For this equality-constrained programming problem, NOTEARS is mainly divided into three steps:

(1): Transform the constrained problem into a series of unconstrained subproblems by augmenting Lagrangian;
(2): Solve the unconstrained subproblem by the L-BFGS (Limited-memory Broyden–Fletcher-Goldfarb–Shanno) algorithm [25];
(3): Take a reasonable threshold.

The overall time complexity of the L-BFGS update in NOTEARS is

O (m^{2} | S | + m^{3} + m | S | T)

, where m is the size of the memory,

| S |

is the size of the active set, and T is the number of inner iterations [23].

4. WeDIGAR Model

WeDIGAR consists of three main stages. The first is information granule construction, which transforms the original HTML response body

D_{r a w}

into

D_{i n t e g}

by integrating structural and semantic Information Granules (IGs) of the HTML response body. Secondly, the information granules of

D_{i n t e g}

are selected by using a Directed Acyclic Graph (DAG) learned by NOTEARS; that is, the information granules that cannot reach the class label in the DAG will be excluded. The information granule selection operation transforms

D_{i n t e g}

into

D_{f i n a l}

. Finally, a random forest is used for classification to obtain the webshell detection result. The architecture of WeDIGAR is shown in Figure 5.

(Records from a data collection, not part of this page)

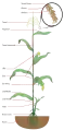 ساقههای ذرت از لحاظ ظاهری شبیه ساقههای بامبو هستند و میانگرهها بهطور معمول به ۱۷ اینچ میرسند. ذرت فرم رشد محدود دارد و برگهای پایینی، برگهای شمشیری وسیعی هستند که عموماً ۱۰۰–۵۰ سانتیمتر طول و ۱۰–۵ سانتیمتر عرض دارند (۴–۲ فوت در ۴–۲ اینچ). ساقهها ایستاده هستند، ۳–۲ متر (۱۰–۷ فوت) ارتفاع دارند و تعداد زیادی گره دارند که معمولاً دارای برگهای بزرگ هستند. زیر این برگها و درست نزدیک ساقه، بلالها به وجود میآیند. آنها روزانه ۳ میلیمتر رشد میکنند.
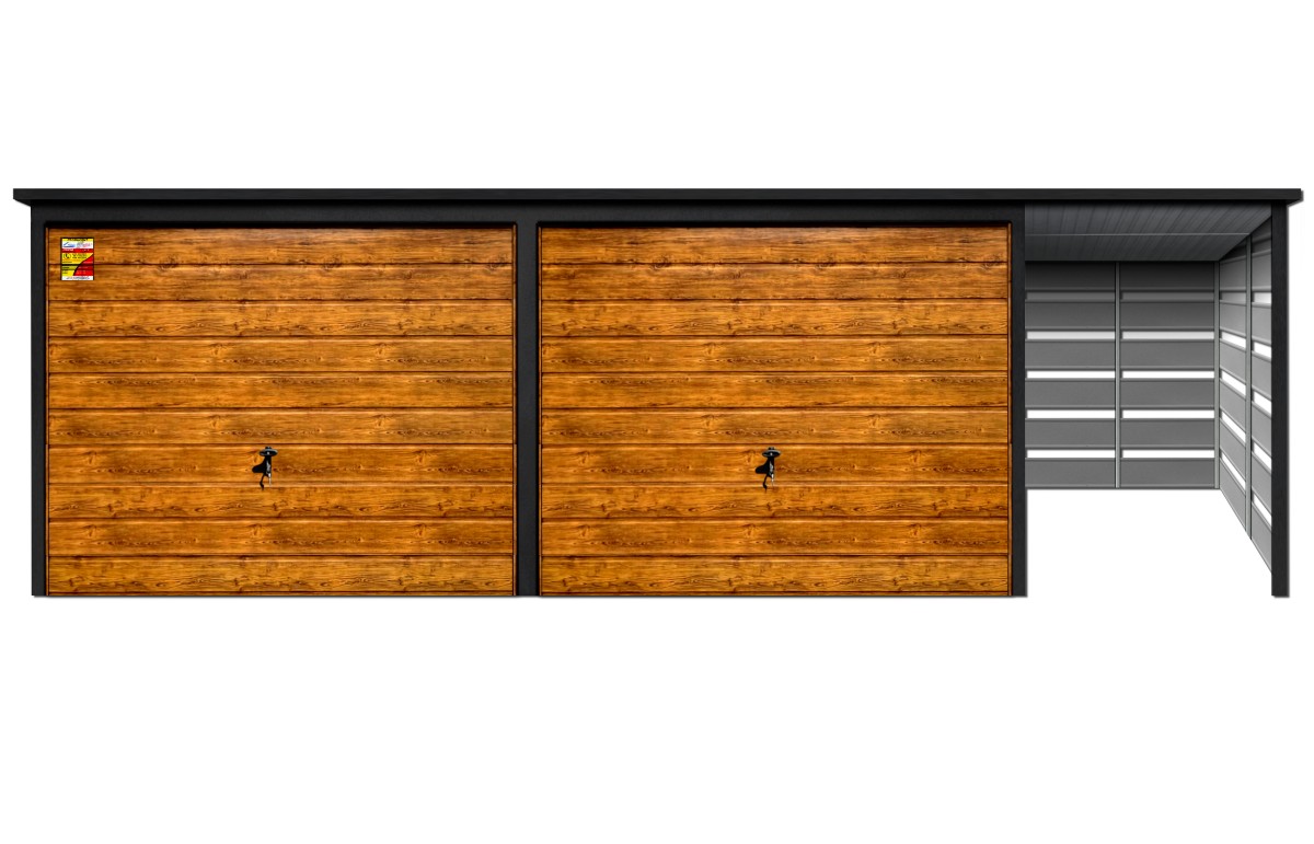 Oferowanym produktem jest innowacyjny garaż blaszany z serii LUX, wzbogacony w dobudowaną wiatę, wykonaną w nowoczesnym Systemie SMK!
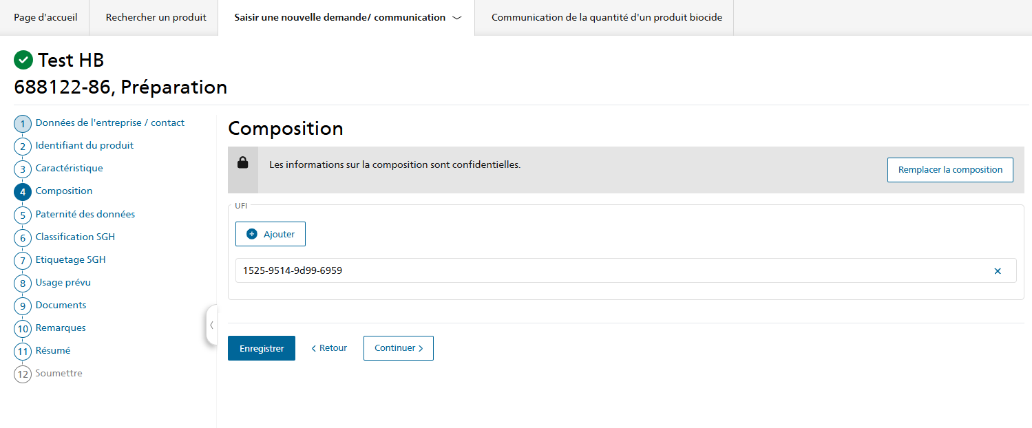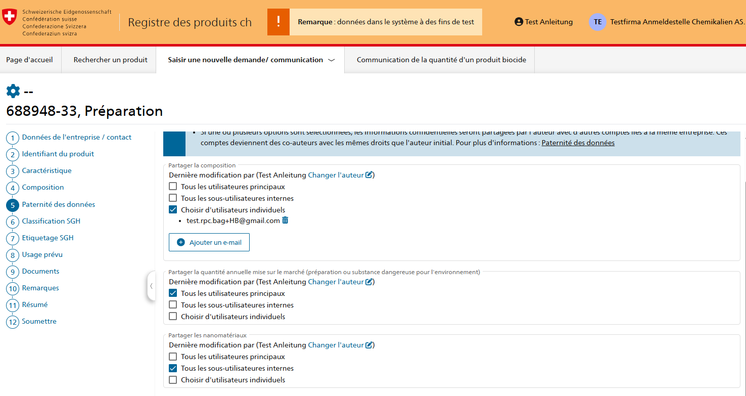 Uniquement en tant qu'auteur des informations confidentielles, ce qui inclut également les comptes d'utilisateurs avec lesquels vous partagez une paternité, vous trouverez pour chaque type de notification (préparations, biocides, substances, etc.) la section « Paternité ».

Since the random forest [26] is a well-known classifier, we focus on the construction of information granules and information granule selection here.

4.1. Information Granule Construction

Prior to training the model, it is crucial to extract meaningful IGs from the HTML response. The IGs contained within the HTML response can be categorized into two distinct parts: structural information granules and semantic information granules.

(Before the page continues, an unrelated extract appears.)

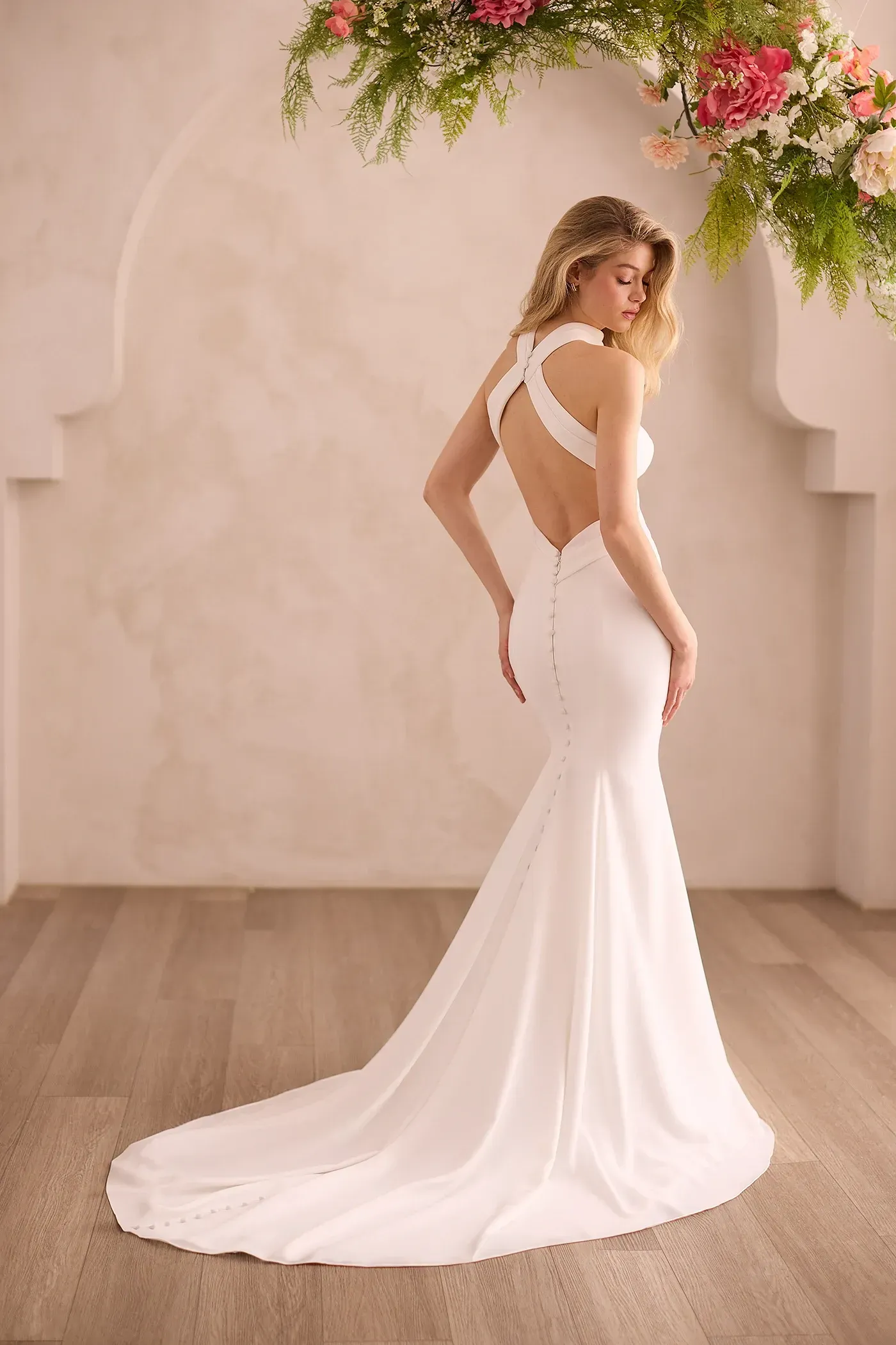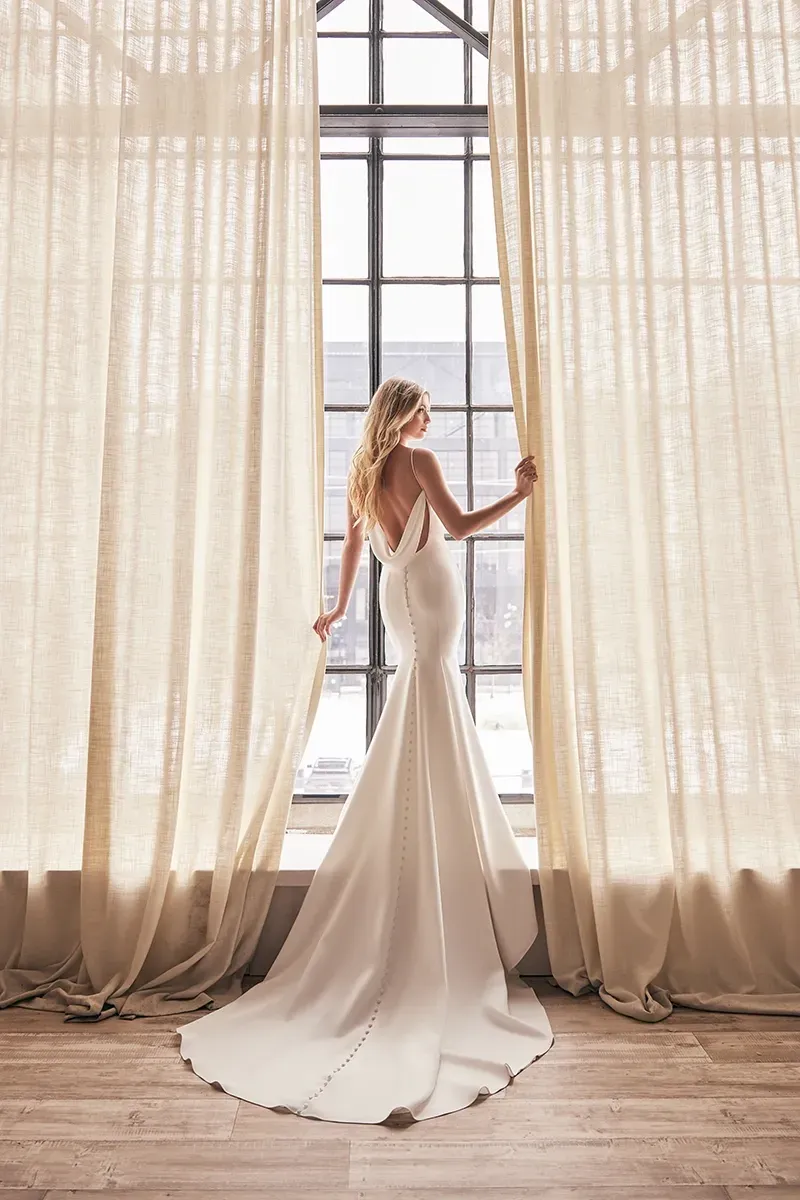 Mikaella Bridal, part of the Paloma Blanca family, is known for its clean aesthetic and thoughtful construction. The collection emphasizes modern silhouettes, luxurious fabrics, and minimal embellishment, allowing shape and tailoring to take center stage.

Structural information granules pertain to the presence of tags within an HTML response. These tags present the overall structure of an HTML document, so they are referred to as structural information granules. Semantic information granules, on the other hand, encompass the details embedded within the tags, such as text, scripts, and content in other forms. By combining both structural and semantic IGs, we can comprehensively represent the information encapsulated within an HTML response. The details of how to construct structural and semantic IGs from an HTML response is given below.

4.1.1. Structural Information Granules

The HTML response body is a semi-structural document. Therefore, instead of treating the response body as a plain text file, it is more appropriate to segment it based on the tags and construct structural IGs.

During the structural IG construction phase, it is crucial to consider all possible tags and their associated attributes. Subsequently, these structural IGs should be refined and adjusted based on prior knowledge and the distribution of the dataset. The process is illustrated in the right part of Figure 5.

Therefore, the HTML response body is firstly segmented according to the tag using Regular Expression (RE) matching, and different structural IG construction methods are applied to different tags. For some tags, in addition to recording the attribute information attached to the tag, the information carried by the nested text or script is also recorded. After analysis, we construct the initial structural IGs

F_{i n i t}

. In this way, dataset

D_{r a w}

is transformed into

D_{i n i t}

.

Then, according to the prior knowledge, the structural IGs that are completely irrelevant to webshell recognition (e.g., the font size, font color, etc.) will be removed. After removing this part of structural IGs from

F_{i n i t}

, we obtain new structural IGs

F_{t e m p}

. Accordingly, the subset of the dataset

D_{i n i t}

corresponding to these structural IGs

F_{t e m p}

is changed into

D_{t e m p}

.

Finally, the structural IGs are filtered based on frequency to remove non-discriminatory features. Specifically, the following is carried out:

Cardinality-One Filter (Too Common): Structural IGs with a cardinality of one (the same value on more than 99% of all samples in the dataset $D_{t e m p}$ ) are removed. These are non-discriminatory background features that do not contribute to classification.
Never-Appeared Filter (Too Rare): Structural IGs that appear in fewer than five samples in $D_{t e m p}$ are removed. These extremely sparse features introduce noise and increase model complexity without statistical significance.

In this way,

F_{s t r u c}

is derived from

F_{t e m p}

and the dataset is transformed into

D_{s t r u c}

. The

F_{s t r u c}

fully describes the structural IGs contained in the HTML response.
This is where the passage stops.